Glowgrass by Nate Cull [Comp97]

IFDB page: Glowgrass
Final placement: 3rd place (of 34) in the 1997 Interactive Fiction Competition

Glowgrass is a fine piece of interactive science fiction in the tradition of Planetfall. Once again, you play a character whose ship has failed, touching down amid the well-preserved ruins of an ancient civilization. You explore these ruins, piecing together strange technology and small clues which lead you to the discovery of how a deadly plague wiped out the race which once dominated the planet. Of course, there are differences along with the similarities. Rather than an Ensign Seventh Class, you play a “xenohistorian”, and the ruins you are exploring belong to the Ancients, who are apparently (it’s a little unclear) not a separate race from your own, but rather your people’s ancestors. Also, Glowgrass is a much more serious game, with none of the silliness and whimsy of Planetfall. Finally, it is, as befits a competition game, much shorter, and therefore its ending is rather unsatisfying, leaving off just when it feels like the real game should begin. I won’t give away anything about this ending, but it pulls a little surprise which casts the assumptions of the rest of the game into doubt. I’m hopeful that Glowgrass is a preview of a longer adventure, so that the secret revealed at the ending can be explained and explored to its full extent.
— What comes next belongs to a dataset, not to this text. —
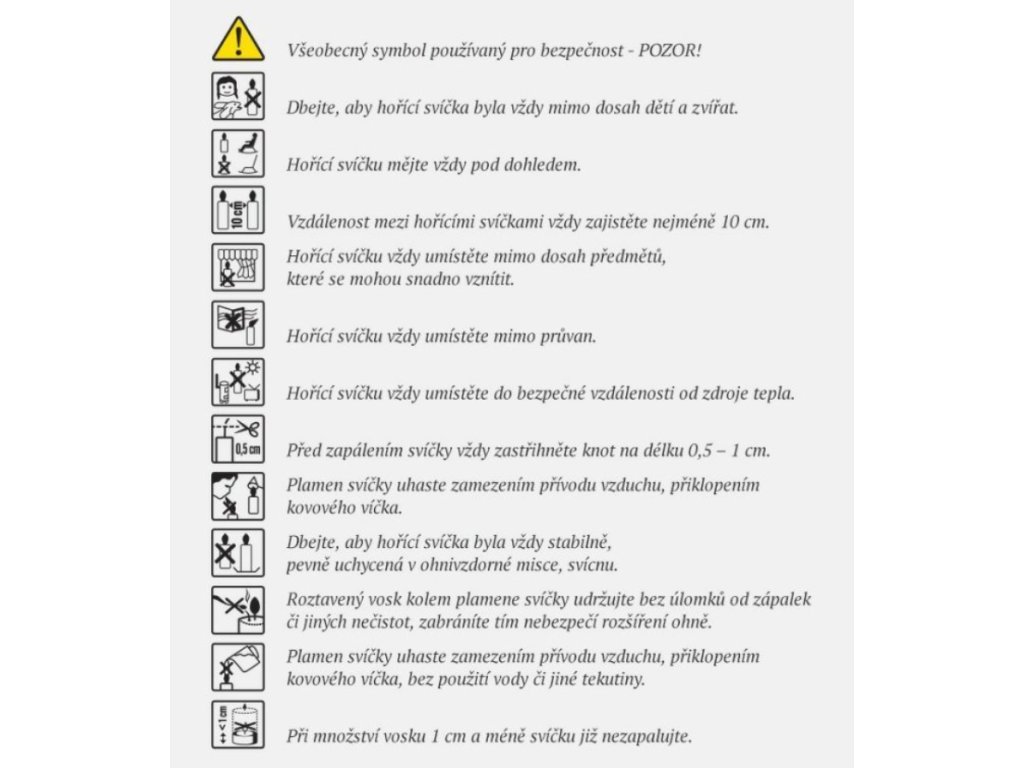 Bezpečnostní použití: Svíčku pokládejte na dostatečně tepelně odolný povrch. Nenechávejte hořet déle než 4 hodiny. Nikdy nedovolte, aby svíčka dohořela až do úplného konce. Hořící svíčku nenechávejte nikdy bez dozoru a v blízkosti lehko vznětlivých předmětů.
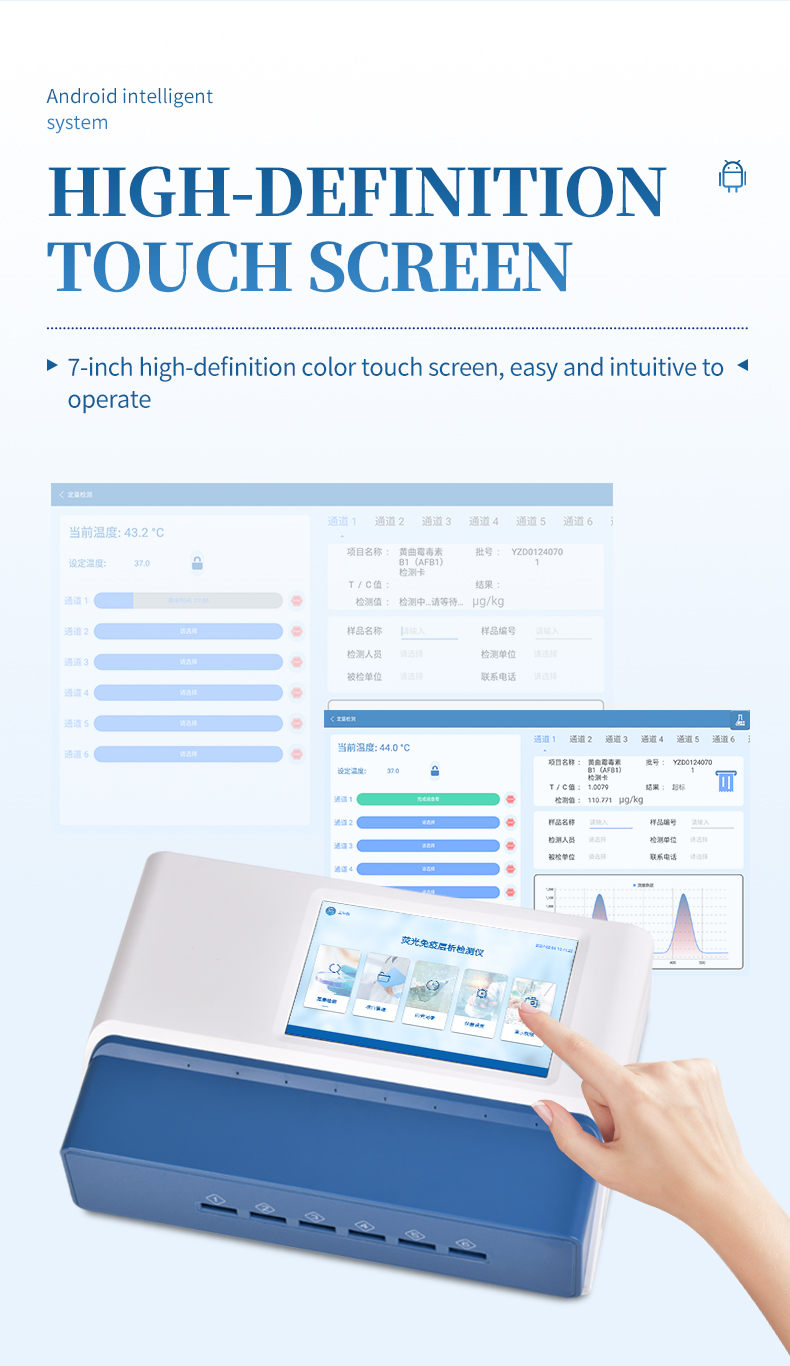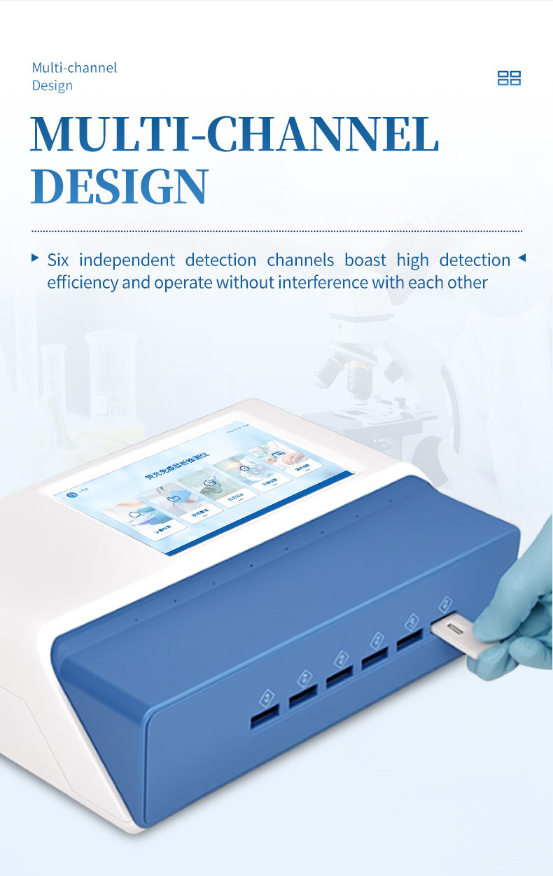 2. Extremely high stability: using imported fluorescent microspheres with uniform particles, ensuring good product stability from the source and good reproducibility within and between batches; Equipped with 8-well constant temperature incubator, one by one, automatic timing, buzzer reminder, not affected by external temperature and humidity, suitable for a wider range of venues;

Another important way in which Glowgrass distinguishes itself from Planetfall is that its postapocalyptic exploration is clearly focused on our own world. Various clues scattered throughout the game make it clear that the player character is exploring the ruins of old Earth. However, the old Earth explored by the character is not our present-day world, but rather a speculative extrapolation of a future 60 or so years from now. Thus Glowgrass becomes a small puzzle-box of possible futures, one fitting inside the other, and each one interesting in its own way. Cull does a very nice job of extrapolating technologies, both for the “Ancient” future and the far future, using small touches to demonstrate the character’s far-future understanding colliding with a researched past (which is our future.) If my description is confusing, it’s only because I’m not doing as good a job as Cull does of making the overlapping eras perfectly clear.

Glowgrass also concerns itself with an imagination of virtual reality. The number of IF games which involve some type of VR or simulated reality (Delusions, AMFV, Mind Electric, etc.) leads me to believe that our medium is particularly suited to exploring the possibilities of VR. It makes sense, considering that IF partakes of some element of simulation, that it demonstrates a particular facility for making itself a simulation of a simulation. Glowgrass pushes the envelope a bit by making its only NPC a virtual reality construct, thus neatly avoiding the problems of sentience, competence, and individual action — the character can’t go anywhere or do much of anything except talk, and her knowledge is limited by her programming: a perfect IF character. Glowgrass is a well-written game with a pleasantly creepy aura, a pleasurable way to spend a couple of hours and hopefully a prelude to more quality work.

Prose: The prose in Glowgrass was quite effective. In particular, the author made good use of the opportunities afforded by the player’s first entry into a particular location. For example, in one part of the game you find an “Ancient” skycar, and the game effectively capitalizes on the natural first reaction to finding such a vehicle: “Looking at the skycar, you feel a surge of hope. Despite the vehicle’s age, it seems intact. Maybe, if you could somehow get it to work…” However, having evoked and emphasized that reaction, the game quickly quashes it: “The thought dies as quickly as it came. Stupid idea. You have no idea how to fly the thing, and who knows what parts are missing?” Prose techniques like this build a very convincing player character, and help the game to succeed in creating an immersive fictional experience.

Plot: I’ve covered the basics of the plot above, so I’ll just use this space to say that the plot is not what it seems, and that I found the ending rather frustrating. In the last few sentences of the game, the author rearranges and twists your perceptions of the setting and the characters, but just as the secret is unfolding, the game ends. I’m hopeful that this game will one day serve as a prologue to a more thorough exploration of Glowgrass‘ absorbing world. In short: I want more!

Puzzles: According to the author, Glowgrass is “a story, not a puzzle game,” so the puzzles are intended to serve as natural propulsion for the storyline. In the main, they work quite well in this regard. Really the only area where I had trouble was in figuring out a piece of technology whose description was (I felt) a little too vague to suggest the use intended by the author. Once I consulted the walkthrough and found my way past this obstacle, the game flowed quite smoothly. Thus, if that part of the game (which I consider more a faltering of the prose than a puzzle) were polished a bit, Glowgrass‘ narrative flow would be very well served indeed by its puzzles.

Technical (writing): I found no mechanical errors in Glowgrass.

Technical (coding): The game’s coding was quite well done, with some very nice touches (I appreciated a response to “Who am I?”). There were only a few areas where the illusion broke down a bit too far, the main one being the “sculpture” which you can “SIT” on but not “ENTER”.